Although, as the immediate aftermath photos show, the proximate cause was dry rot, which is caused by excessive moisture intrusion into the supporting wood framing, undermining its structural integrity, the only known investigation report fails to definitively identify the source of moisture, its entry route(s), or the mechanism(s) of its transport. It simply lists 11 "factors which appear to have contributed" without discussion of their relative importance, whether any of the factors was a necessary condition, or which combination of factors were sufficient. The report's format further obfuscates with extensive redactions (some of which are incomplete and thus gratuitous) and by publishing only a poor-quality scan of printouts of the reports. Architect Robert Perry, the author of the as-built vs. as-designed report, focuses exclusively on rainwater entry into the building envelope, and makes observations that appear to be at odds with the evidence. For example, he claims that "dry rot damage [in the collapsed balcony] had occurred along the top of the cantilever balcony deck joists". But the immediate post-collapse photos show that these joists had already disintegrated to the point that they were unidentifiable. Furthermore, he fails to address strong evidence for vapor transport within the building envelope resulting in concealed condensation in the deck's joist cavities. The deck was on the north-facing wall of the building, and has little or no sun exposure for most of the year. The deck joists, made of an engineered wood product known as laminated veneer lumber, were fully enclosed on its exterior surfaces by vapor barrier membranes, yet open to the main building's joist cavities. The deck's joist cavity temperature is dominated by exposure to the outdoor environment, while the interior joist cavity temperature is dominated by the conditioned spaces sandwiched above and below, the latter being warmer most of the time. This configuration causes the deck's joist cavities to condense water vapor supplied by the interior and retain it as liquid, creating optimum conditions for the growth of wood-destroying fungus commonly called dry rot.
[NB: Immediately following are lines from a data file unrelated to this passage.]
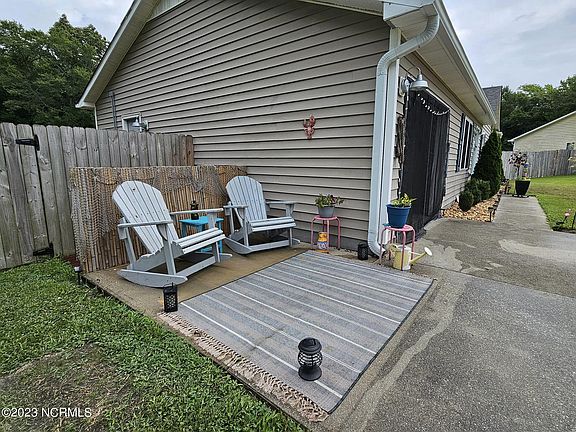 Wonderful 3-bedroom 2 bath home nestled at the end of a cul-de-sac in a quiet neighborhood. The backyard backs up to trees giving you ample privacy along with the fencing that separates you from your neighbor while you enjoy the gorgeous Hydro Spa. Just off the main 10x20 deck is a paved area perfect for your grill and smoker for outdoor cooking. There is a shed that has electricity ran to it for your power tools to be used in. This backyard is an oasis perfect for entertaining. Just at the tree line is a fire pit, perfect for you and your guest to make S'mores. The home also has a whole home water softener. There is a new HVAC system that is less than a year old. The living room windows were replaced this past spring. You are just minutes from the beaches of Emerald Isle, shopping and dining in downtown Swansboro or Jacksonville; not to mention being a short drive to the back gate of Camp Lejeune off of 172.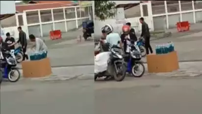 "Ada tukang bensin, berdagang di pom bensin, cuma ada di pom bensin leuwigajah,"ucap pria yang yang merekam video tersebut dikutip tvonenews.com
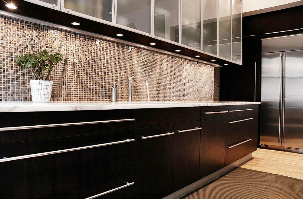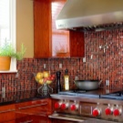 Kitchen apron is usually called the wall surface between the upper and lower cabinets, behind the sink or above the worktop. With the help of a kitchen apron it is possible to deliver a magnificent finishing touch to the design of the kitchen. Practically any material can be installed in this area, because it is not exposed to such a pressure of moisture as the walls in the bathroom, or strong pressure, like floor tiles.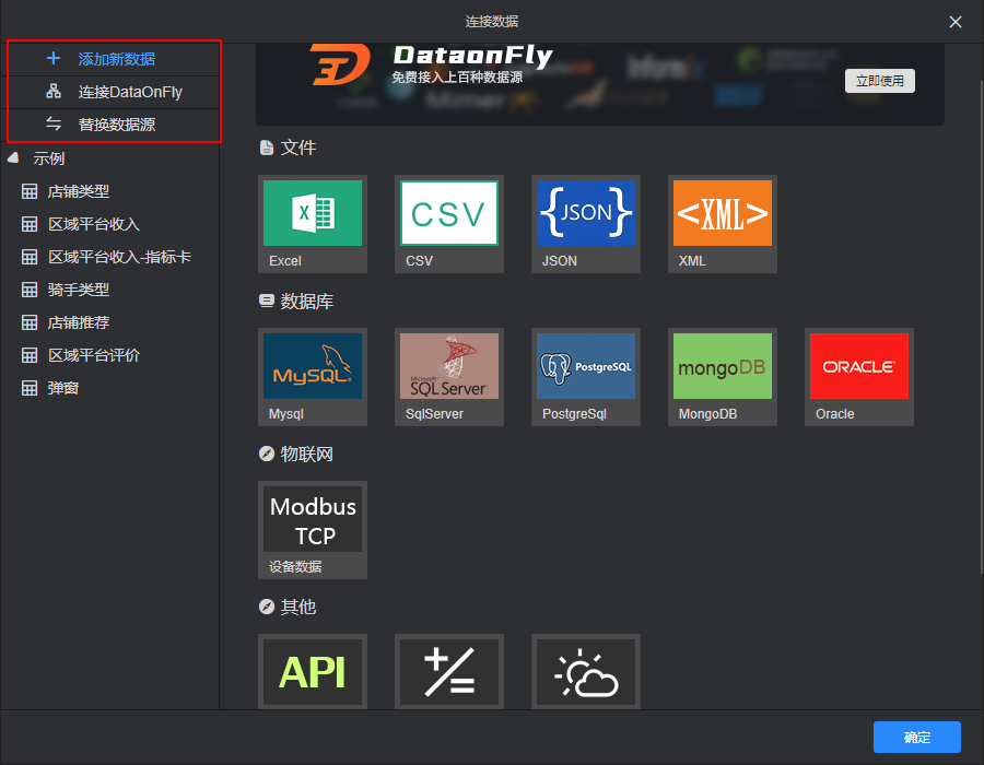 新建空白大屏可选择“添加新数据”,载入模板大屏可选择“替换数据源”,而以上两种新建大屏的方式均可以连接山海鲸数据管家(DataonFly)进行数据接入。数据导入过程可以在新建大屏后导入作为备用,也可以在所有组件设置完成后再导入。

Two independent and detailed reviews of the structural design found no deficiencies in the deck's load-bearing capacity. As designed and built, and absent the dry rot, the deck would have easily supported itself and the 13 people. But with the joists rotted to powder, the only remaining strength was in the ceramic enclosure, which consisted of the unreinforced concrete deck and stucco soffit and walls. The resulting ceramic box beam, devoid of its former LVL joists, and not intended as a structural support, was vulnerable to brittle failure without warning. 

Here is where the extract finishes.